◆ SOURCE DATA:
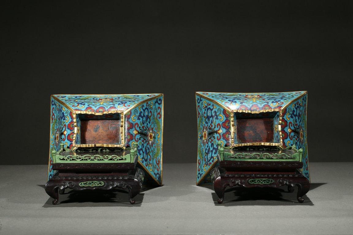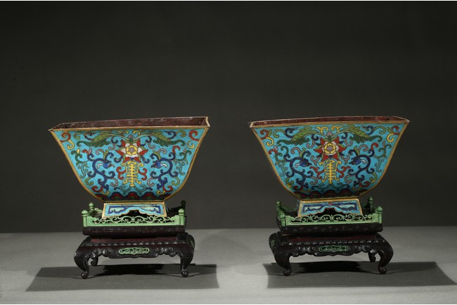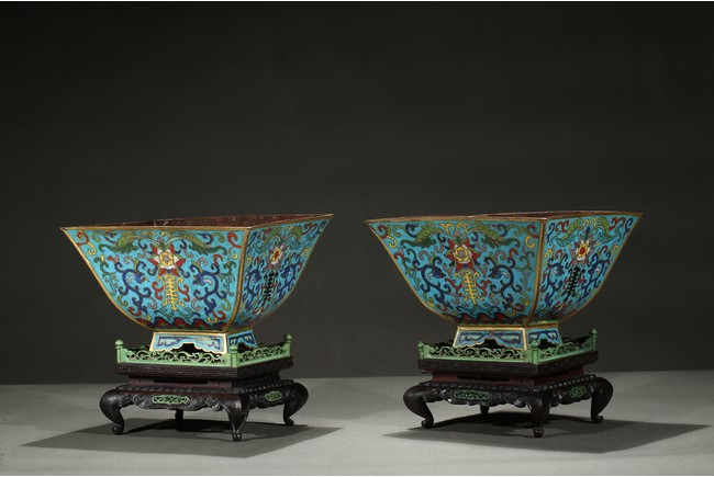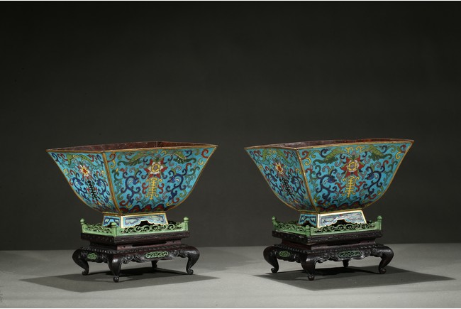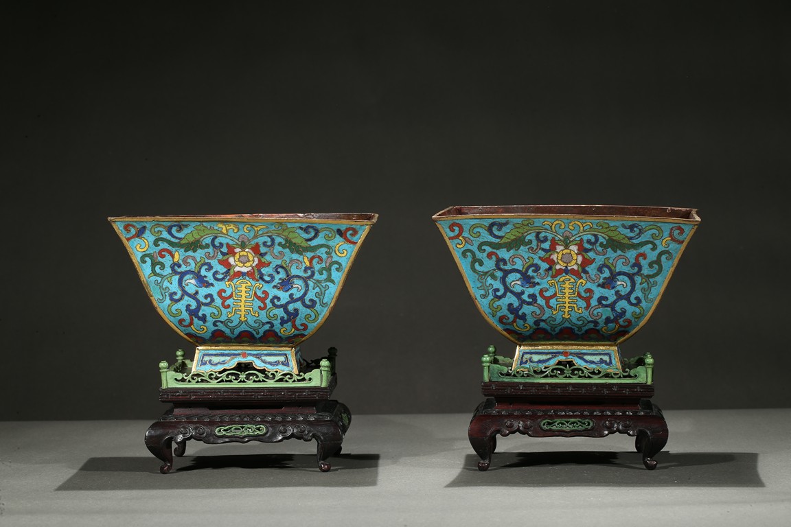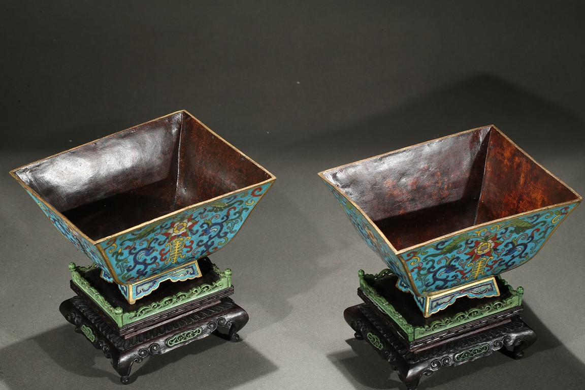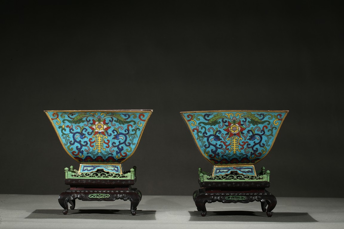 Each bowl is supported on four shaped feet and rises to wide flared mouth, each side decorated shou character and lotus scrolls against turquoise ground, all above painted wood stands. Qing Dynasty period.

==

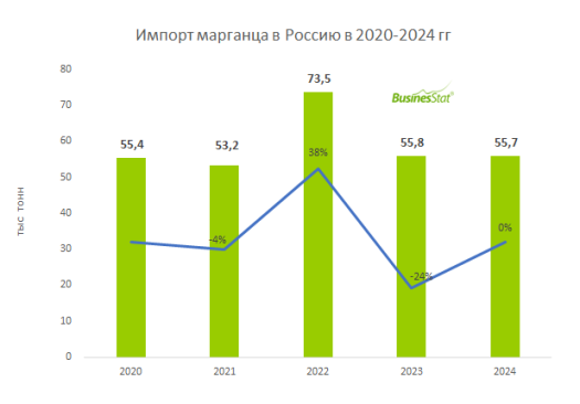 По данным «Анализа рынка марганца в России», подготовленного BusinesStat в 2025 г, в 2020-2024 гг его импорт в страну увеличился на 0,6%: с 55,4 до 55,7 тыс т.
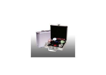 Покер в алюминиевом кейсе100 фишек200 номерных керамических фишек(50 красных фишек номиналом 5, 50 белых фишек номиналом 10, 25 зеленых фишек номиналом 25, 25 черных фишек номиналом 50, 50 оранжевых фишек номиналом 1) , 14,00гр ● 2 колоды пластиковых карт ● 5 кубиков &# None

◆ YOUR TASK: Everything above from the line containing "55,7 тыс т." through the line containing "Покер в алюминиевом" must be repeated exactly, and the pictures must be left out.

◆ RESULT:
 По данным «Анализа рынка марганца в России», подготовленного BusinesStat в 2025 г, в 2020-2024 гг его импорт в страну увеличился на 0,6%: с 55,4 до 55,7 тыс т.
 Покер в алюминиевом кейсе100 фишек200 номерных керамических фишек(50 красных фишек номиналом 5, 50 белых фишек номиналом 10, 25 зеленых фишек номиналом 25, 25 черных фишек номиналом 50, 50 оранжевых фишек номиналом 1) , 14,00гр ● 2 колоды пластиковых карт ● 5 кубиков &# None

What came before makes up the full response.